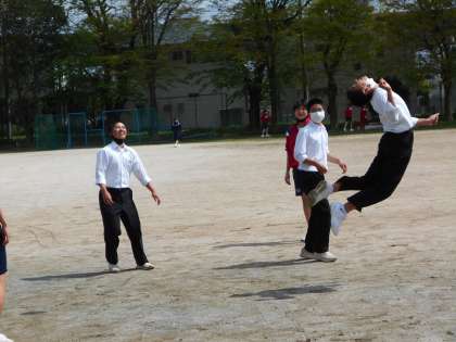 昼休みのグラウンド。多くの生徒が楽しそうに遊んでいました。これからも,思いっきり遊んで,思いっきり学んでください!
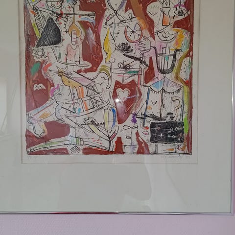 Litografi, Jes Nordby, motiv: Se billedet, b: 50 h: 70, Glad og farverig litografi med signatur af Jes Nordby.
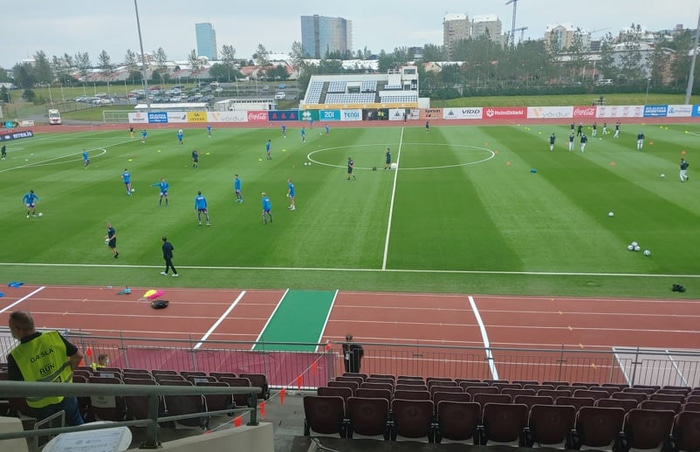 „Við erum að reyna sækja um undanþágu, við erum komnir á það stig í keppninni að Laugardalsvöllur er eini völlurinn sem uppfyllir þau skilyrði sem þarf til. Kópavogsvöllur er category 2 völlur og Laugardalsvöllur er category 3," sagði Eysteinn.
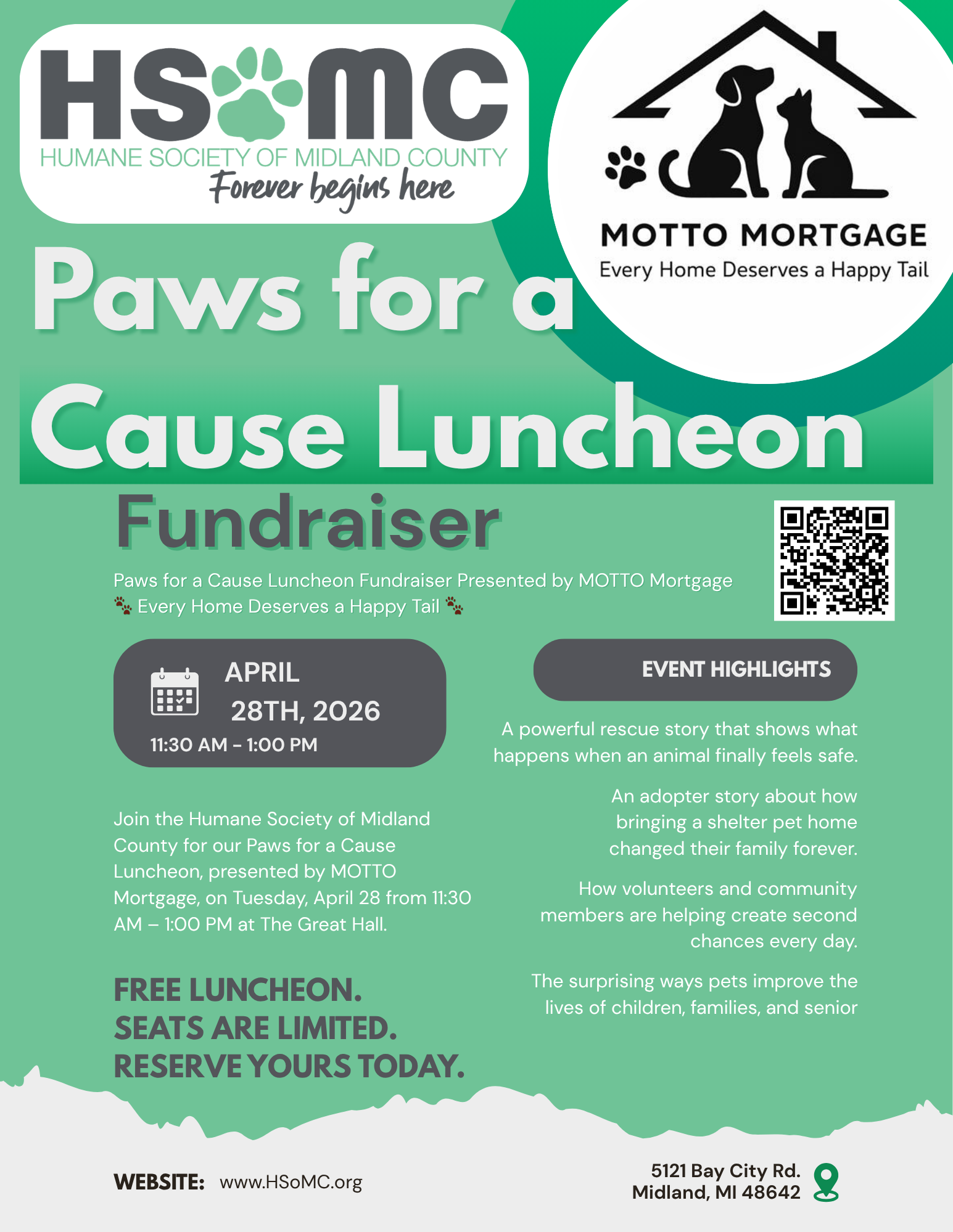 Join us Tuesday, April 28th, for our Paws for a Cause Luncheon Fundraiser, presented by Motto Mortgage. Where we’ll share meaningful stories, community impact, and the power of a place to call home.

* **PROBLEM TO SOLVE**
Retype the lines above exactly, no pictures.

* **SOLUTION TO THIS PROBLEM**
 昼休みのグラウンド。多くの生徒が楽しそうに遊んでいました。これからも,思いっきり遊んで,思いっきり学んでください!
 Litografi, Jes Nordby, motiv: Se billedet, b: 50 h: 70, Glad og farverig litografi med signatur af Jes Nordby.
 „Við erum að reyna sækja um undanþágu, við erum komnir á það stig í keppninni að Laugardalsvöllur er eini völlurinn sem uppfyllir þau skilyrði sem þarf til. Kópavogsvöllur er category 2 völlur og Laugardalsvöllur er category 3," sagði Eysteinn.
 Join us Tuesday, April 28th, for our Paws for a Cause Luncheon Fundraiser, presented by Motto Mortgage. Where we’ll share meaningful stories, community impact, and the power of a place to call home.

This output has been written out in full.